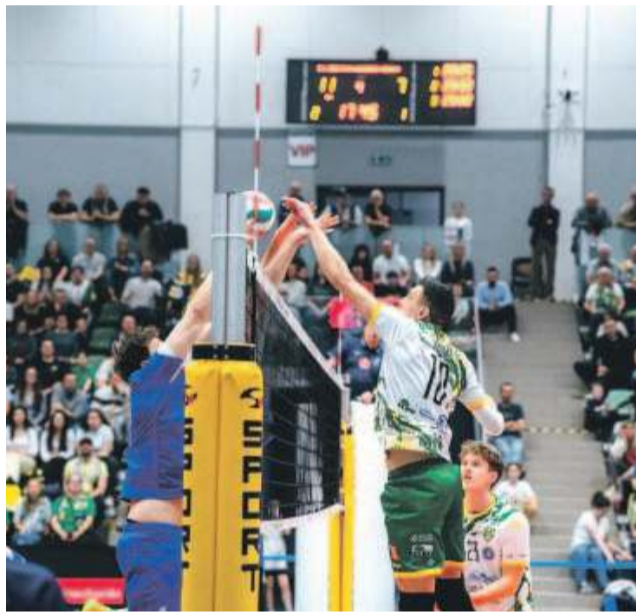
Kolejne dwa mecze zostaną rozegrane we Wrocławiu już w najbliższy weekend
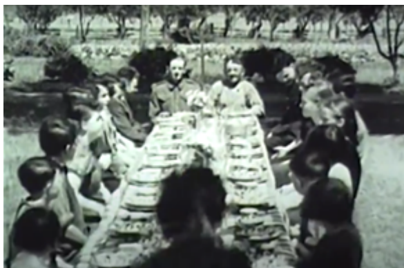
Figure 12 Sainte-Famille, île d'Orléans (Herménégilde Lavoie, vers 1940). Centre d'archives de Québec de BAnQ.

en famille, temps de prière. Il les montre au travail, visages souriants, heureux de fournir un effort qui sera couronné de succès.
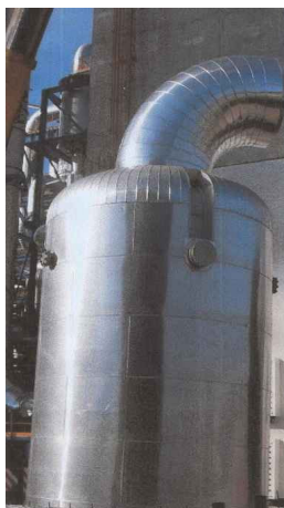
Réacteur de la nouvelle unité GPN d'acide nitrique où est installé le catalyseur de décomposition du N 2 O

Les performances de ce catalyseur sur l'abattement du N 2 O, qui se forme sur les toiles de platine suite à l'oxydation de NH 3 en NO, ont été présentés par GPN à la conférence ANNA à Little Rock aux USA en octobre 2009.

* * * *

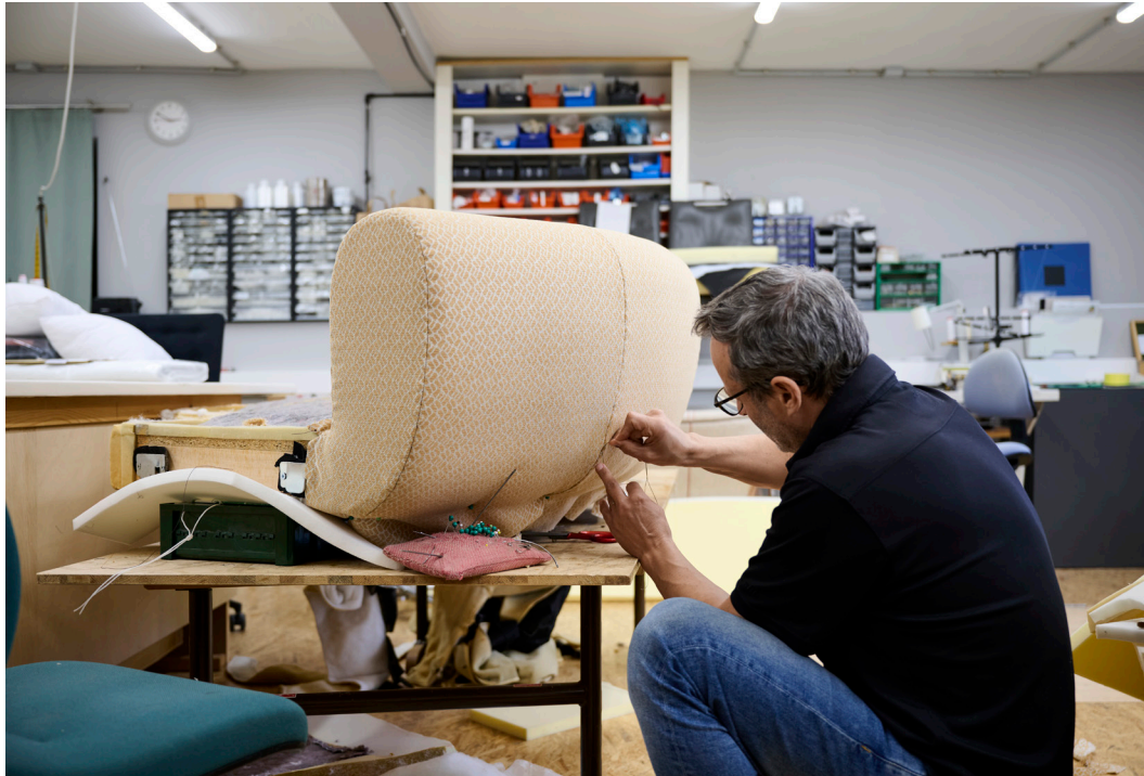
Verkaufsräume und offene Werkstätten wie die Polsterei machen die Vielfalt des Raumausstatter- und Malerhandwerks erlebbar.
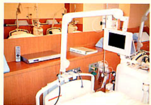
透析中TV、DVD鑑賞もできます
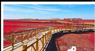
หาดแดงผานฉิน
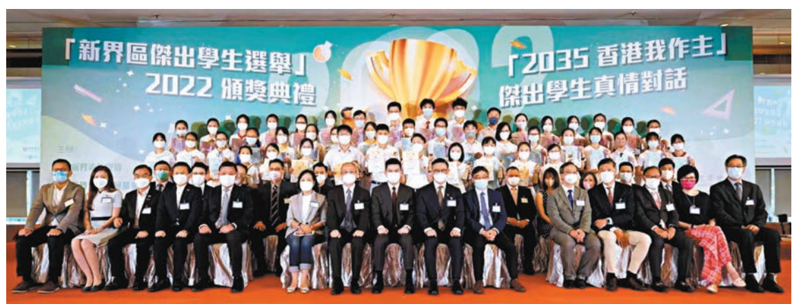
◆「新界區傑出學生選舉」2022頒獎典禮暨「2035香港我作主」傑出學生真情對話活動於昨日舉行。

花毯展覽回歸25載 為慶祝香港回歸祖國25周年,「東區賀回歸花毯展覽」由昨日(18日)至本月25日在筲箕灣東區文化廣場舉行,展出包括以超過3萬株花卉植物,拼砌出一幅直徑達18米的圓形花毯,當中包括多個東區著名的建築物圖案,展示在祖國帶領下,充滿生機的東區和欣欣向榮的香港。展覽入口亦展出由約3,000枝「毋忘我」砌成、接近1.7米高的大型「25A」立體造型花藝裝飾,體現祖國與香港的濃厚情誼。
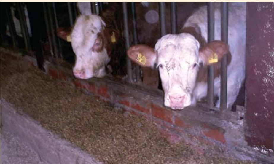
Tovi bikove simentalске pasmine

* * * *

WHAT THE TASK REQUIRES: A word-for-word copy of the lines above from the one with "Réacteur de la" through the one with "Les performances de", inclusive, is the only output wanted.

SOLUTION:
Réacteur de la nouvelle unité GPN d'acide nitrique où est installé le catalyseur de décomposition du N 2 O

Les performances de ce catalyseur sur l'abattement du N 2 O, qui se forme sur les toiles de platine suite à l'oxydation de NH 3 en NO, ont été présentés par GPN à la conférence ANNA à Little Rock aux USA en octobre 2009.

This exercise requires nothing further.